**What needs to be done**
Transcribe every line of the material below exactly, leaving out the pictures.

**Exercise data**
· · · ·
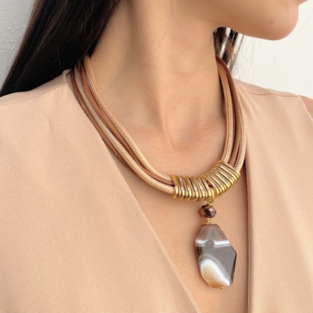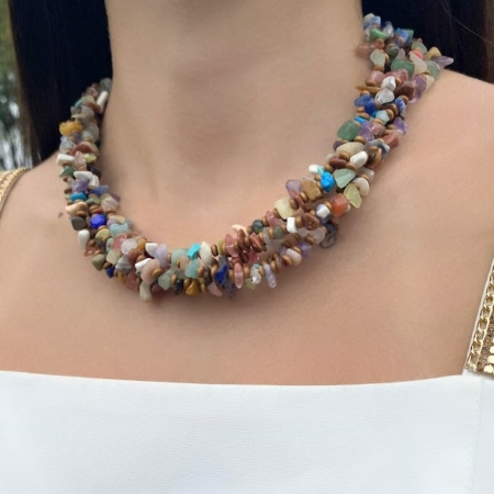• Gargantilha com Pedras Naturais Cascalho e Madeira
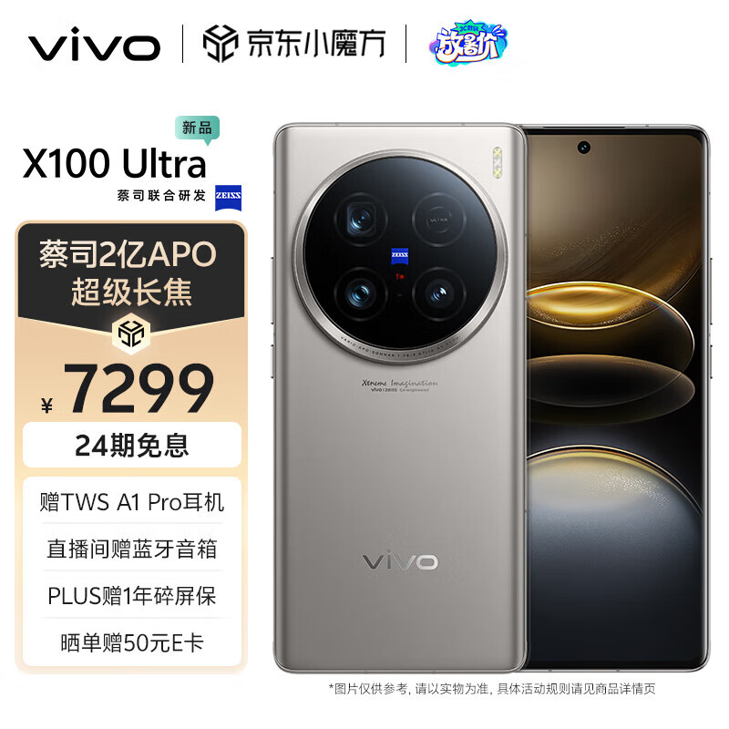 vivo X100 Ultra 16GB+512GB 钛色 蔡司2亿APO超级长焦 一英寸云台级主摄 蓝图影像 拍照 手机价格:7299.00元!
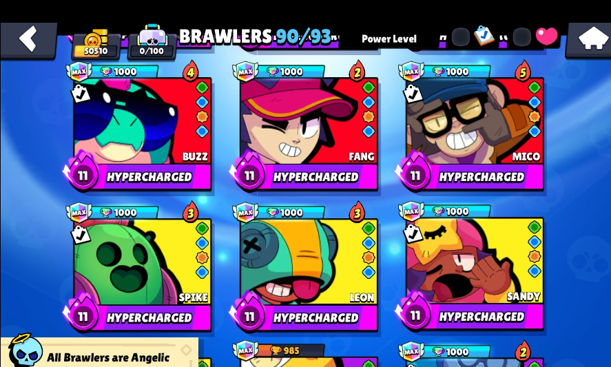 11.11 PIN â 199 SKINS â 50.500 TROPHY â 90 BRAWLERS â 33 MAX â 25 HYPERCHARGED â FINAL BOSS RICO â NINJA ASH â NINJA ASH â DIY SURGE â OCTO FANG â SPIKE â LEGENDARY â LEON
· · · ·
**Answer section**
• Gargantilha com Pedras Naturais Cascalho e Madeira
 vivo X100 Ultra 16GB+512GB 钛色 蔡司2亿APO超级长焦 一英寸云台级主摄 蓝图影像 拍照 手机价格:7299.00元!
 11.11 PIN â 199 SKINS â 50.500 TROPHY â 90 BRAWLERS â 33 MAX â 25 HYPERCHARGED â FINAL BOSS RICO â NINJA ASH â NINJA ASH â DIY SURGE â OCTO FANG â SPIKE â LEGENDARY â LEON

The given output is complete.